Of course, the feminism in the writing isn’t the only delightfully inclusive aspect to it; it’s also a book with wonderfully diverse representation throughout the cast, including both an asexual protagonist and a trans friend/love interest. Their sexual orientations and gender identities aren’t merely hinted at; they are displayed proudly on the page, which isn’t something we see often in fantasy novels, much less little novellas like this one. It was evident from the start that Seanan cares enough about representation to find room for it no matter how small the page count may be, and I appreciated that so much.

This was always the difficult part, back when she’d been at her old school: explaining that “asexual” and “aromantic” were different things.

Not only does she offer such wonderful rep, but she also takes the time to dismantle a few myths, tropes, and assumptions. We have an asexual character, explaining that ace does not equal aro, and that she’s capable of romantic interest and physical affections, regardless of her views on sex itself. I don’t think I’ve ever read a book with such prominent ace rep, and while I’m not on the ace spectrum myself, I thought that it came across as fantastically positive rep.

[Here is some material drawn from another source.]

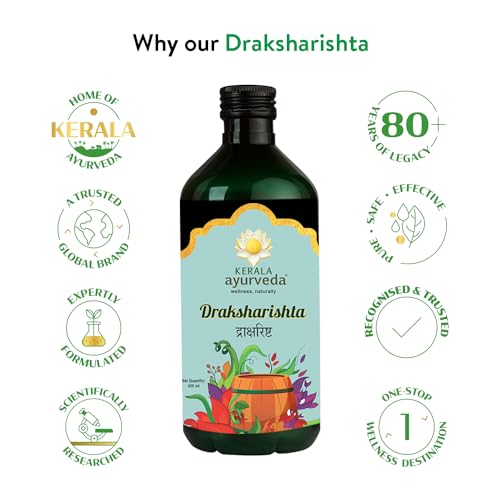 Fights iron deficiency anemia - Kerala Ayurveda Draksharishta is made with the goodness of blood-nourishing or rakthaprasadaka herbs that help relieve anemia. Unlike other iron supplements Draksharishta is a non-constipating and non-nauseating tonic that

“You’re nobody’s doorway but your own, and the only one who gets to tell you how your story ends is you.”

I could honestly ramble forever about this little story, but the bottom line is that it is an incredible tale of acceptance, healing, friendship, trauma, and finding yourself – be it in this world, or another. I cannot recommend this series highly enough, and I am so eager to continue it and see what else Seanan has in store.